DIRECTIONS FOR THIS TASK:
Output the data below only from the line containing "Thankful Grateful Blessed" up to and including the line containing "- 30 жовтня", exact and with the pictures left out.

RECORDS SHOWN:
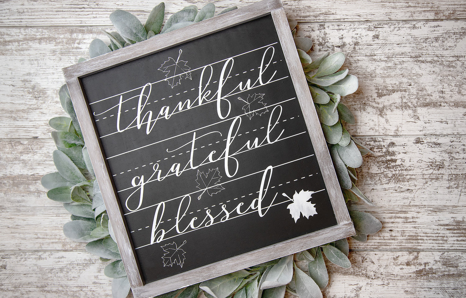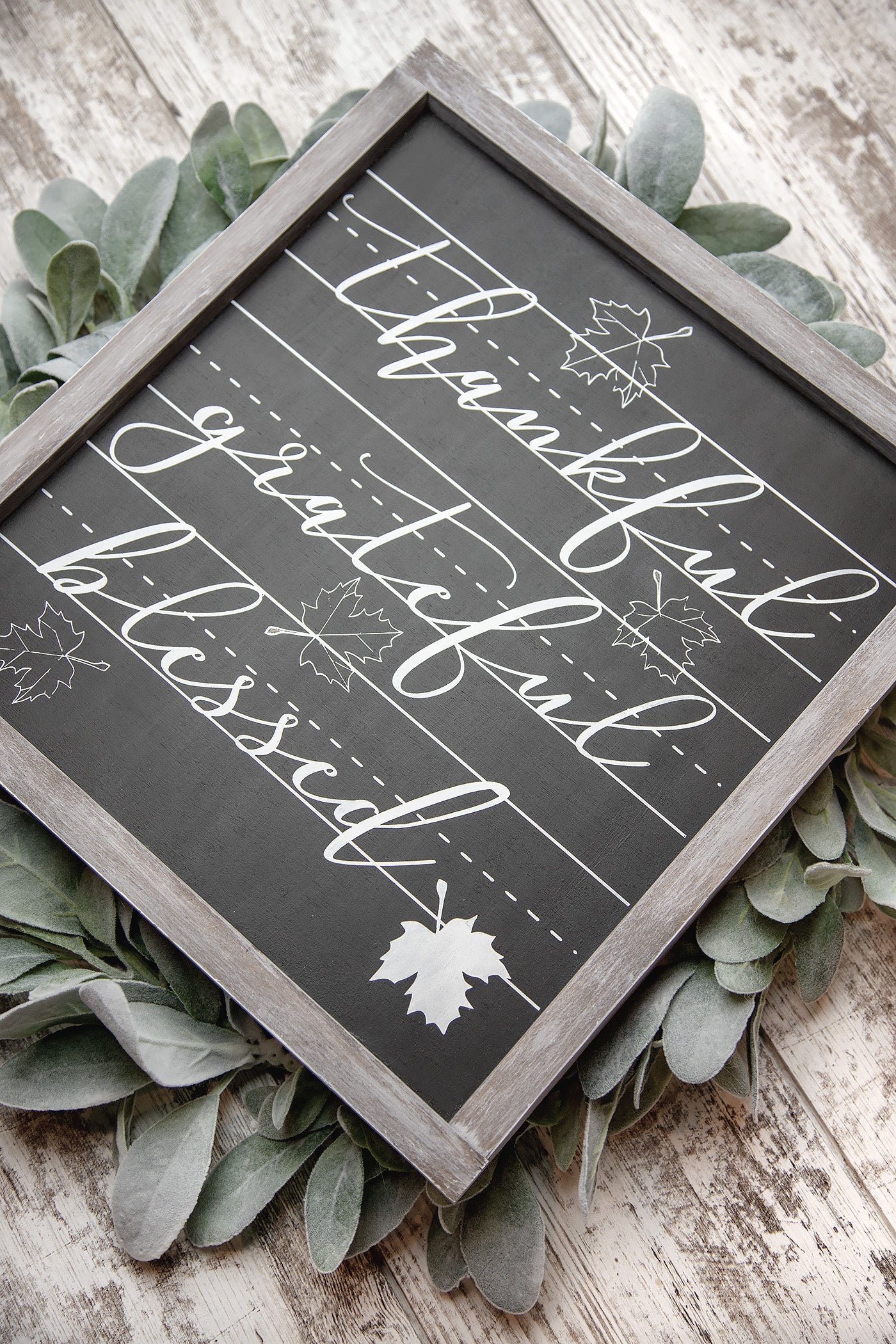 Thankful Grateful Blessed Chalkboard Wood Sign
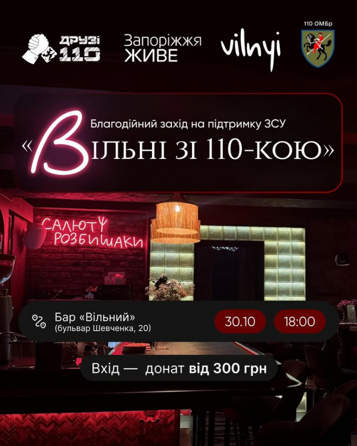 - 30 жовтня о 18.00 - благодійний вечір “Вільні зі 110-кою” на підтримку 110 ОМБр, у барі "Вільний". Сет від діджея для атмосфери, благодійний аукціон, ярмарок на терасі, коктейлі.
==
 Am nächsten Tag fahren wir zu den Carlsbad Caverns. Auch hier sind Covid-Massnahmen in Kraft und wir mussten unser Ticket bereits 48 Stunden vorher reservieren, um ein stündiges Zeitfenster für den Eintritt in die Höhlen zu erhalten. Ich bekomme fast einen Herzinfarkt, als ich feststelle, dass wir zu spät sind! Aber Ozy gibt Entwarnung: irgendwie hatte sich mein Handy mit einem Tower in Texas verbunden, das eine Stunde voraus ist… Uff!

ANSWER TO THE EXERCISE:
 Thankful Grateful Blessed Chalkboard Wood Sign
 - 30 жовтня о 18.00 - благодійний вечір “Вільні зі 110-кою” на підтримку 110 ОМБр, у барі "Вільний". Сет від діджея для атмосфери, благодійний аукціон, ярмарок на терасі, коктейлі.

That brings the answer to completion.